VS Code, WPI Example - committing to GitHub

Hi All, and Git gurus in particular

VS Code is great, The WPI extensions are awesome, the example programs are great.

Getting a new example into GitHub is not so much fun…

This is the process I have found to work after a couple of hours of playing around. I plan to give this to my students, but I am posting here in the hope that there will be suggestions for improvement.

I would welcome comments from any Git gurus about a better sequence.


  1. Create a new repo on GitHub (my example is GettingStarted). Importantly, do NOT initialize with README, license etc.

  2. In VS Code, use the WPI extension “Create Project” to create a new project (I used the GettingStarted example). Make sure you have ticked the “Create new folder” option

  3. In VS Code, go to the Source Control pane. It will say “No source control providers registered”. Initialize a new local repo by clicking the little button at top left of the pane (hover over it and it will say “Initialize repository”). It will ask you to pick a workspace folder - I have been using the same folder as the project.

  4. It will then ask if you want to open the new repo or add to workspace. I have been adding to workspace.

  5. The source control pane will now show all the files that have been added. Hover over the heading “CHANGES” and you will see a “+” appear, to stage the new files. Click the “+”.

  6. Now at the top of the pane, click the tick mark to commit the staged changes to the local repo.

  7. We are half done - we have a local and a remote repo, but they are not connected. Open a terminal window (see the “Terminal” command in the VS Code menu bar)

  8. In the terminal window, enter the following git commands:
    git remote add origin https://github.com/<repo owner>/<repo name>.git
    git push -u origin master

<repo owner> and <repo name> are replaced with the correct values from the repo you created in step 1. You can actually copy the URL from the button in GitHub that says “Clone or download”. For example, mine looked like:

git remote add origin https://github.com/CDM-Robotics/GettingStarted.git

  1. Now go to your repo on GitHub and refresh the page - you should now see your project files.

Now to update from your local to GitHub.

Make a small change to one of the files. Make sure to save the file.

Go to the Source Control pane. If the CHANGES area is not showing anything, go back and make sure you modified and saved a file.

Click the “+” button to stage the change, then the top tick mark to commit to the local repo. You might want to put a message in the message box first (“First modify” or something more profound)

Now click the ellipses near the tick mark, and select “Push to…”, then select the GitHub remote.

Now go back to GitHub and check the modification has made it through.


As noted above, any comments on improving this process would be very welcome.

Regards
David Evans
6072 - TritonTech

That seems like a pretty standard flow to set up and then commit to a git repository.

The setup steps can happen in a slightly different order. For example, rather than setting up the origin, you could clone your empty remote, then set up your project, then commit the files. But, both are acceptable flows for git.
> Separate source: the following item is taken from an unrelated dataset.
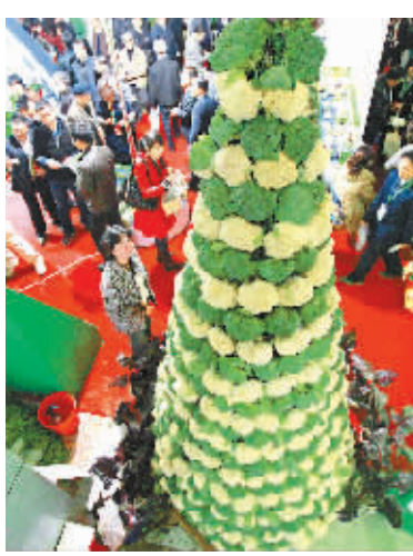
11月10日,为期4天的第六届届中国武汉农业博览会在武汉国际会展中心举行。展会上,一棵由西兰花和花菜组成的4米多高的“圣诞树”吸引了众多观众驻足参观。

《解释》明确规定对以下六种洗钱行为应当依法追究刑事责任:(1)通过典当、租赁、买卖、投资等方式,协助转移、转换犯罪所得及其收益的;(2)通过与商场、饭店、娱乐场所等现金密集场所的经营收入相混合的方式,协助转移、转换犯罪所得及其收益的;(3)通过虚构交易、虚设债权债务、虚假担保、虚报收入等方式,协助将犯罪所得及其收益转换为“合法”财物的;(4)通过买卖彩票、奖券等方式,协助转换犯罪所得及其收益的;(5)通过赌博方式,协助将犯罪所得及其收益转换为赌博收益的;(6)协助将犯罪所得及其收益携带、运输或者邮寄出入境的。

For the commit in particular, your steps line up to:

Go to the Source Control pane. If the CHANGES area is not showing anything, go back and make sure you modified and saved a file.

This is git status.

Click the “+” button to stage the change, then the top tick mark to commit to the local repo. You might want to put a message in the message box first (“First modify” or something more profound)

This is git commit.

Now click the ellipses near the tick mark, and select “Push to…”, then select the GitHub remote.

This is git push.

Thank you.

That is how I originally thought of doing it, but I wanted the students to be able to use the WPI “Create Project” option, and was not sure how to do that with a cloned remote project already set up.

Any thoughts?

Regards

David

The project setup probably detects a .git in the directory and then uses that git repository. If that’s not found, it does a git init, when then starts the typical remote setup flow…

git init
git remote add origin <url>
git push origin master

If you had followed the clone flow, it would have been
git clone <url>
(create your new VS Code Project)
git commit
git push

For your students, you either do the create project once globally and commit/push the project or you add a .gitignore to tell git to not track files related to the project setup. If you commit project files then everyone uses the same project. If you use the .gitignore approach, then everyone has a local project and just the source gets committed.

There’s pluses and minuses for each.

Everyone having their own project means that local paths, settings, preferences, etc never make it to git. But, this scenario can lead to mismatches of paths to dependencies and can result in a lot of settings debug.

Everyone using one project can lead to merge headaches because git analyzes diffs on a file level and won’t account for format requirements of VS code. Same goes for just about every IDE’s project files.

Thanks again. I will continue playing.

In VSCode, if there is one keystroke you should remember, it is (on Windows) Ctrl-Shift-P.

Then type Git in the command dropdown and you’ll get all the options that the plugin exposes (the list scrolls…it’s not obvious). You can init, push, pull, tag, etc from this list. No terminal required.